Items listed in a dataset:

▼

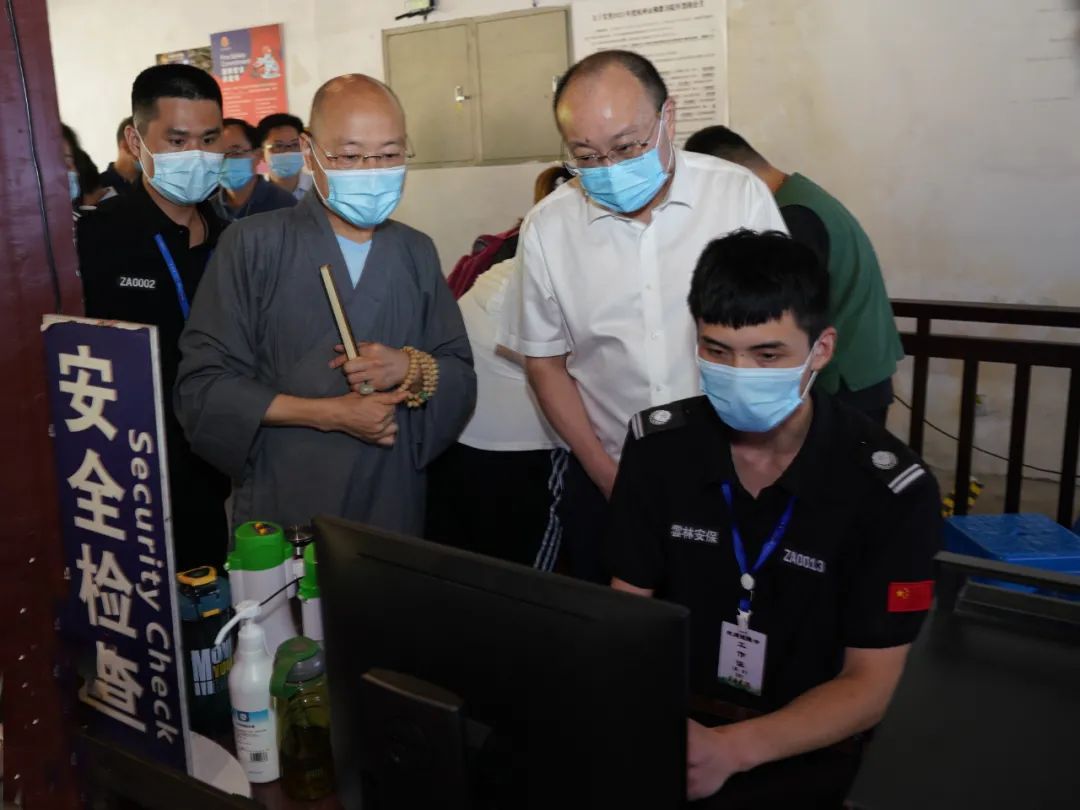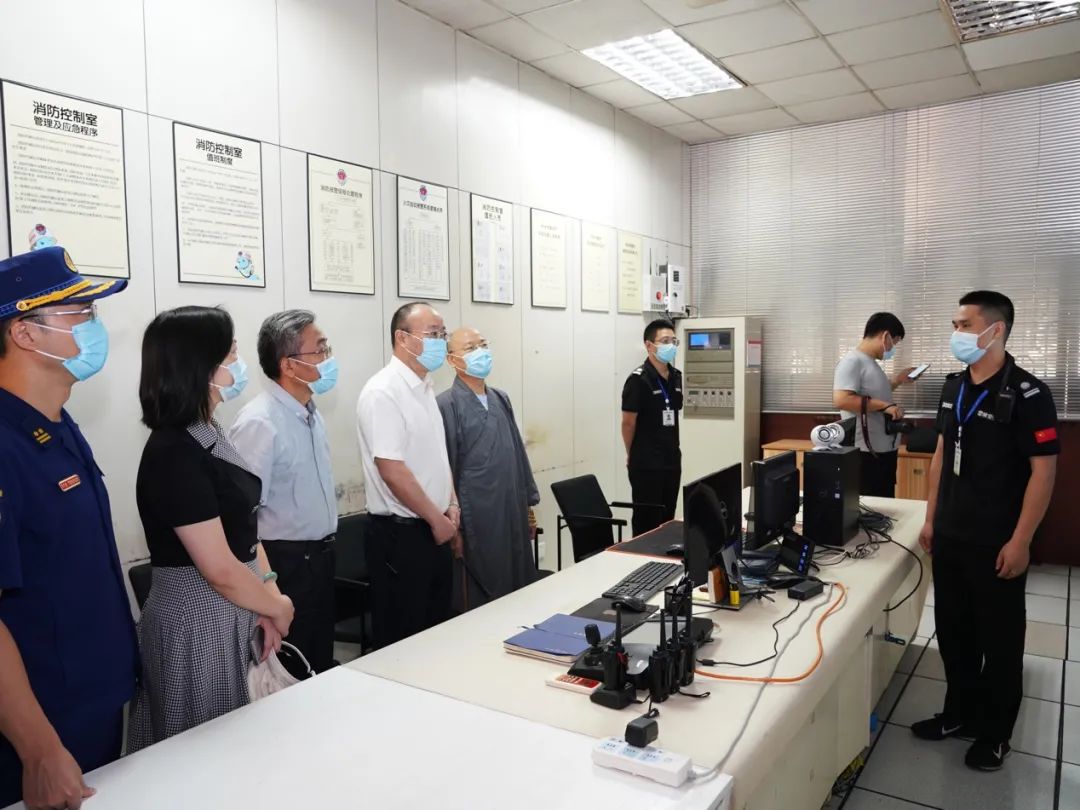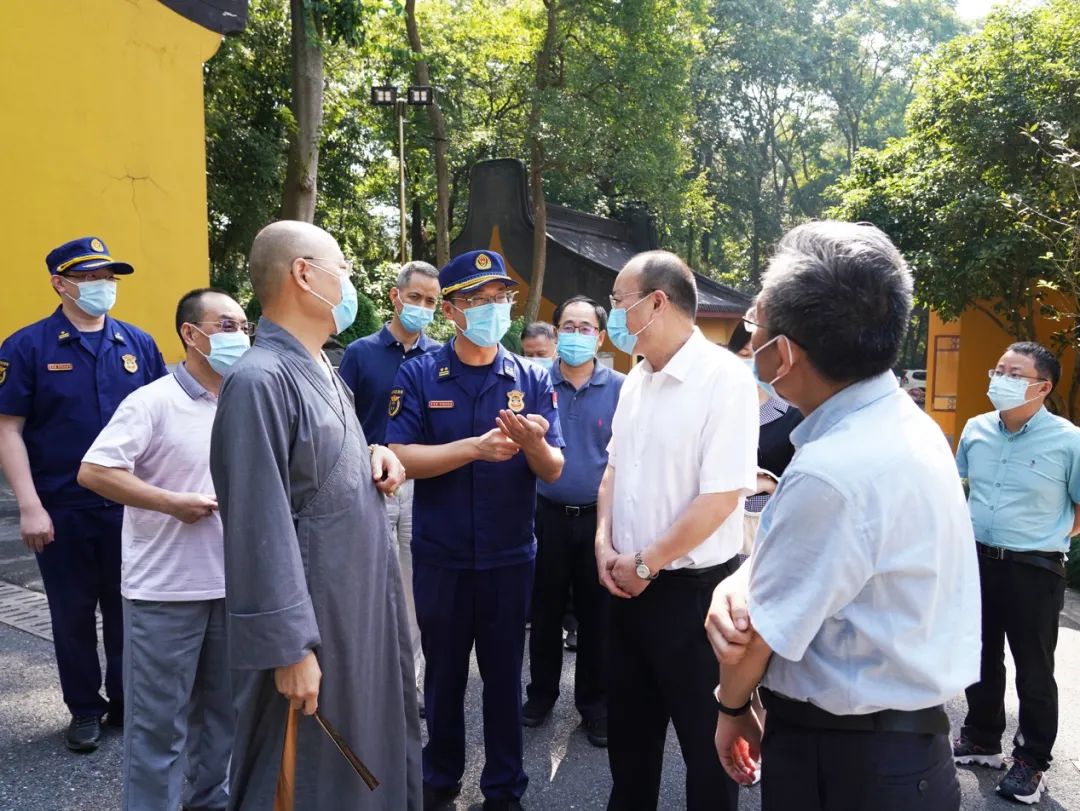 丁狄刚副市长一行在灵隐寺方丈光泉法师等的陪同下,先后实地查看了灵隐寺安全消防监控系统、厨房安全设施和疫情防控措施等。
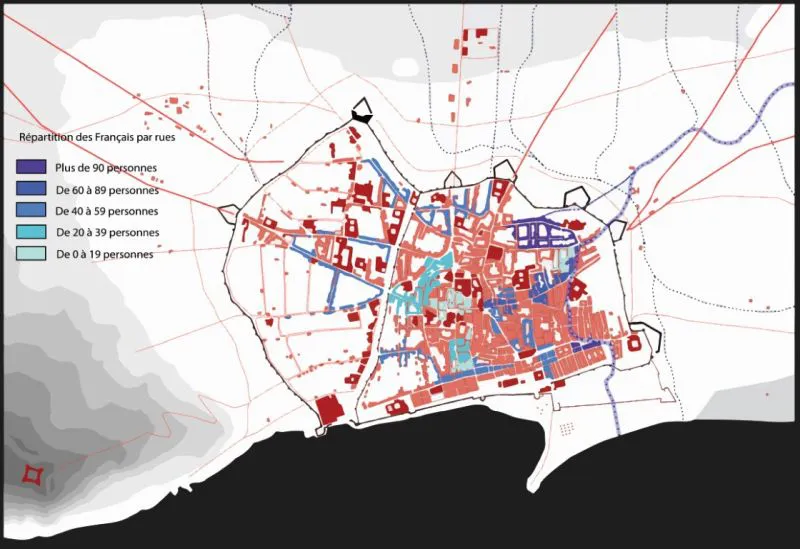 Localisation des Français recensés par la Junta de Represalia en 1637.
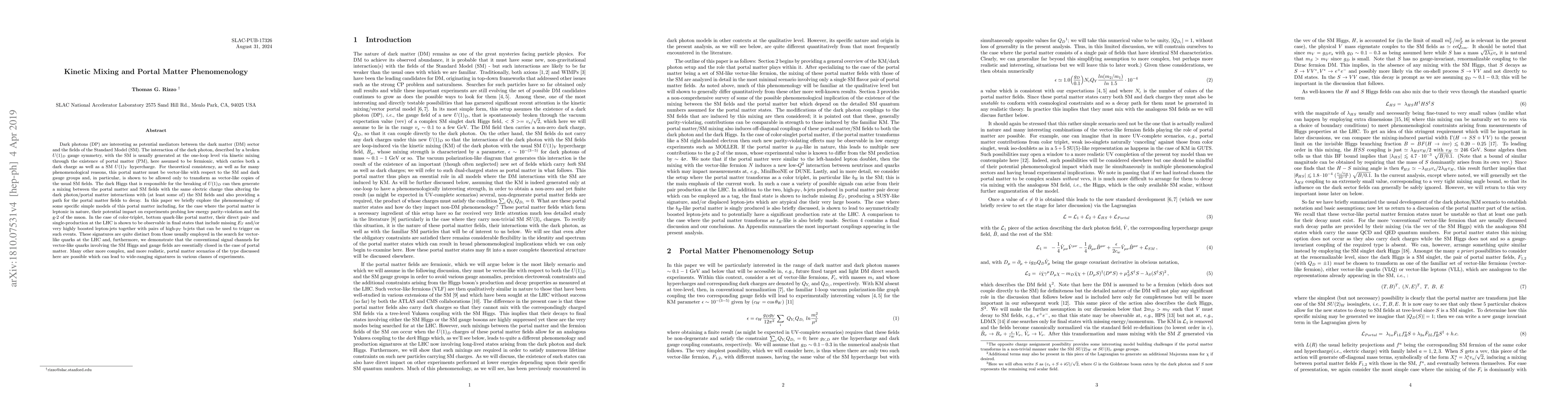 This paper explores the phenomenology of dark photons as mediators between dark matter and the Standard Model, focusing on kinetic mixing through portal matter. It examines specific models of vector-like portal matter, highlighting their potential observable signatures at the LHC and their impact on low-energy experiments.
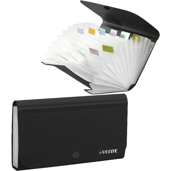 Папка на кнопке с 13-ю отделениями "deVENTE. Black" пластиковая 700 мкм, для документов формата C6 (17,8x12x2 см) внутренние отделения толщиной 170 мкм, в комплекте с бумажными цветными индексами, черная
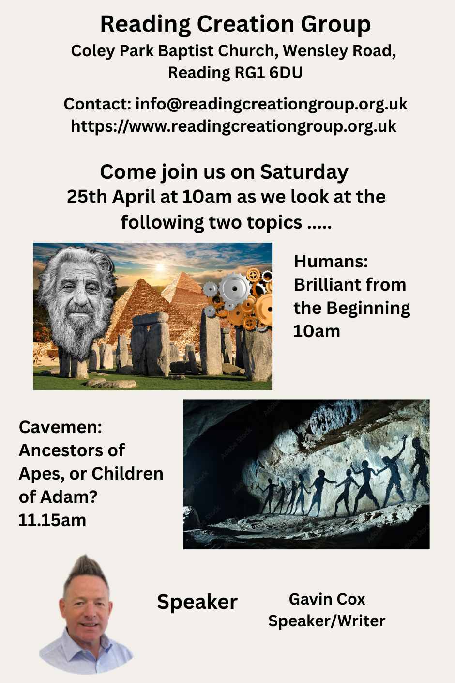 Speaker for both of theses talks is Gavin Cox. Previously a speaker and writer for Answers in Genesis.
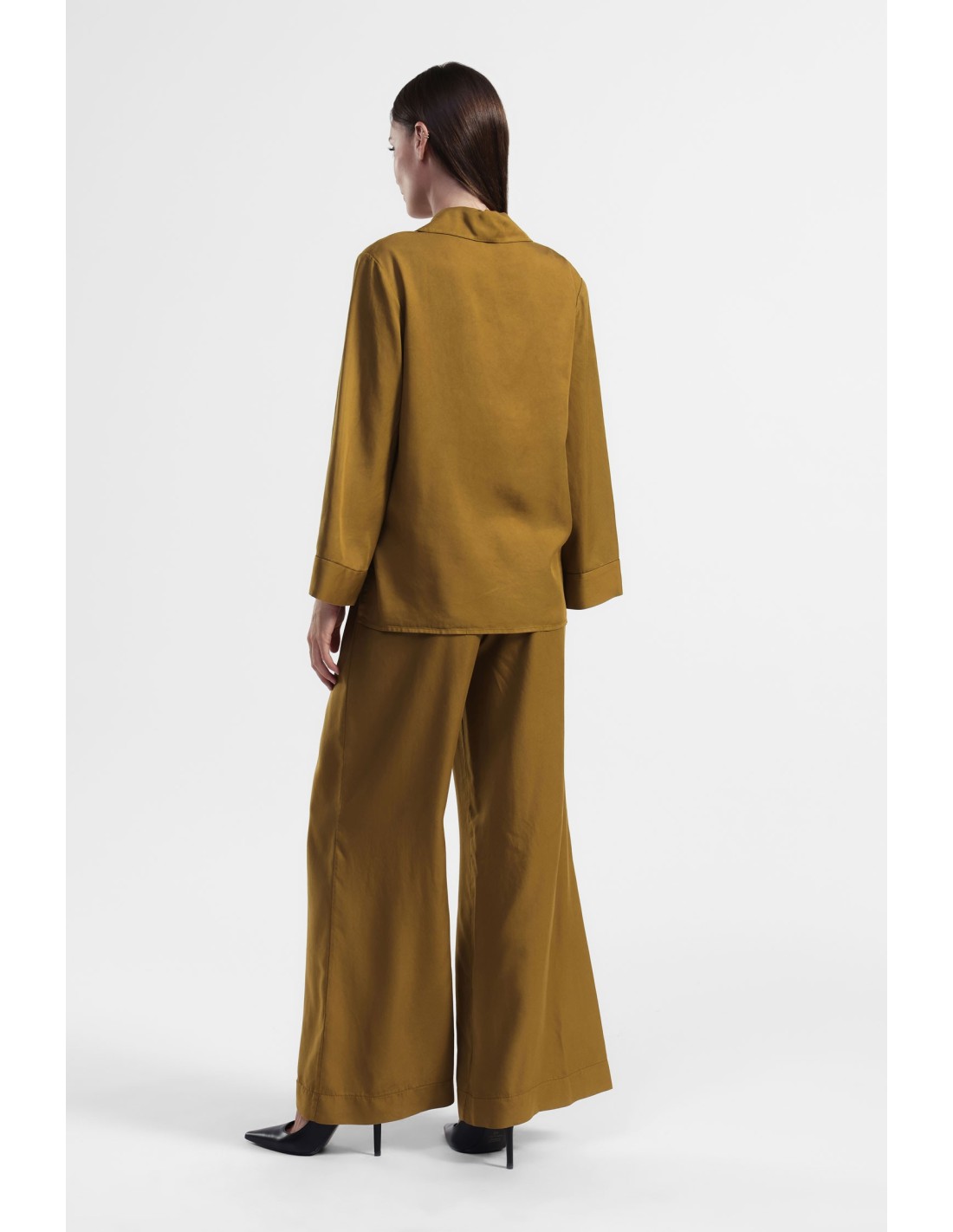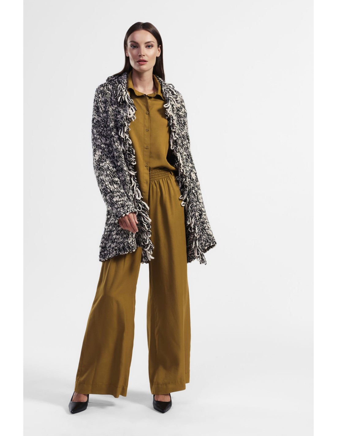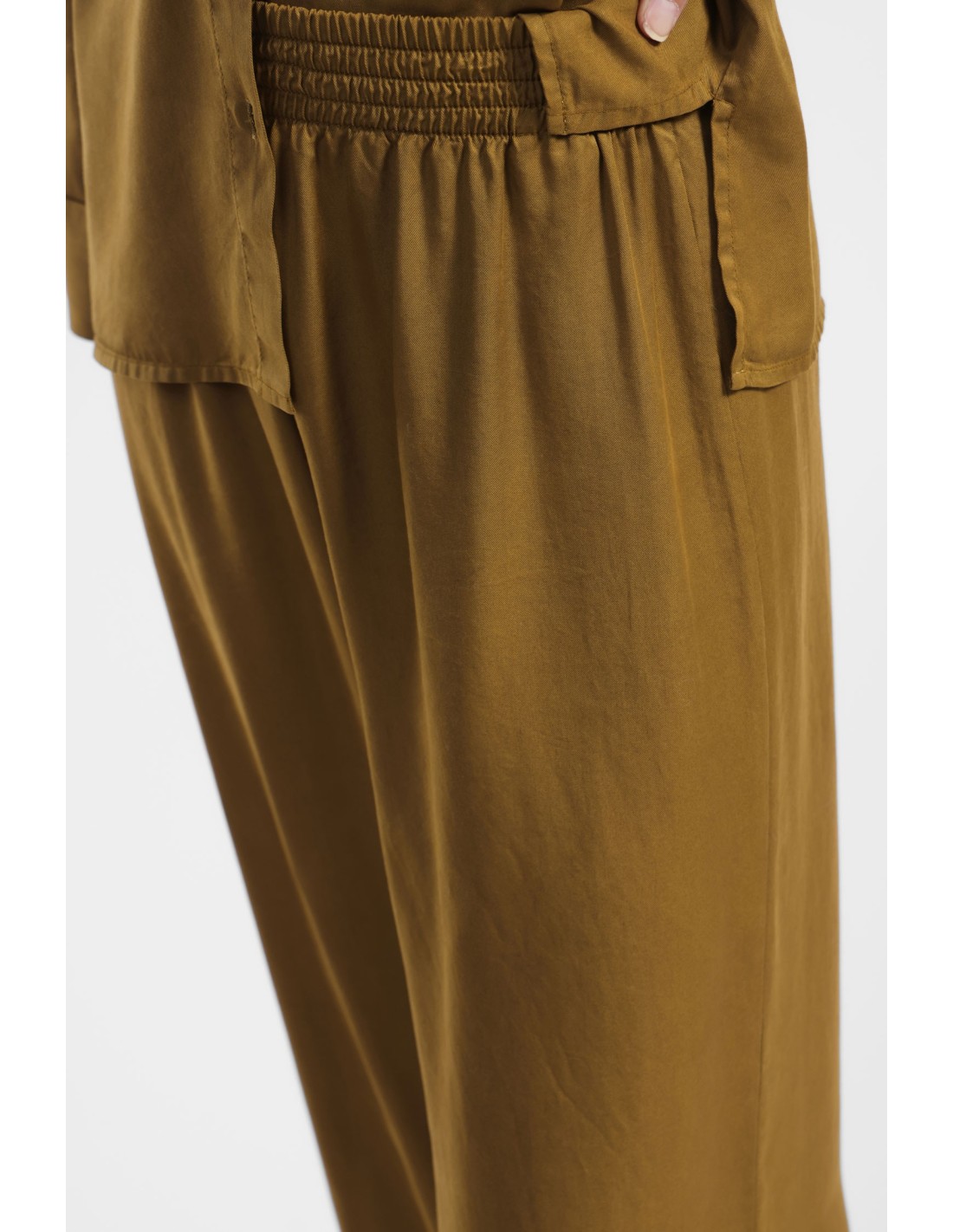 Estas calças largas oferecem um ajuste confortável graças à cintura elástica. A silhueta arejada e fluida garante um movimento elegante, perfeito para quem gosta de combinar originalidade e praticidade. Ideal para dias em que o conforto não tem de sacrificar o estilo, adaptando-se a múltiplas ocasiões com elegância.

▲

**WHAT YOU ARE ASKED TO DO**
Give back exactly the lines from the line with "Speaker for both" through the end of the records, both included; keep all pictures out.

**SOLUTION**
 Speaker for both of theses talks is Gavin Cox. Previously a speaker and writer for Answers in Genesis.
 Estas calças largas oferecem um ajuste confortável graças à cintura elástica. A silhueta arejada e fluida garante um movimento elegante, perfeito para quem gosta de combinar originalidade e praticidade. Ideal para dias em que o conforto não tem de sacrificar o estilo, adaptando-se a múltiplas ocasiões com elegância.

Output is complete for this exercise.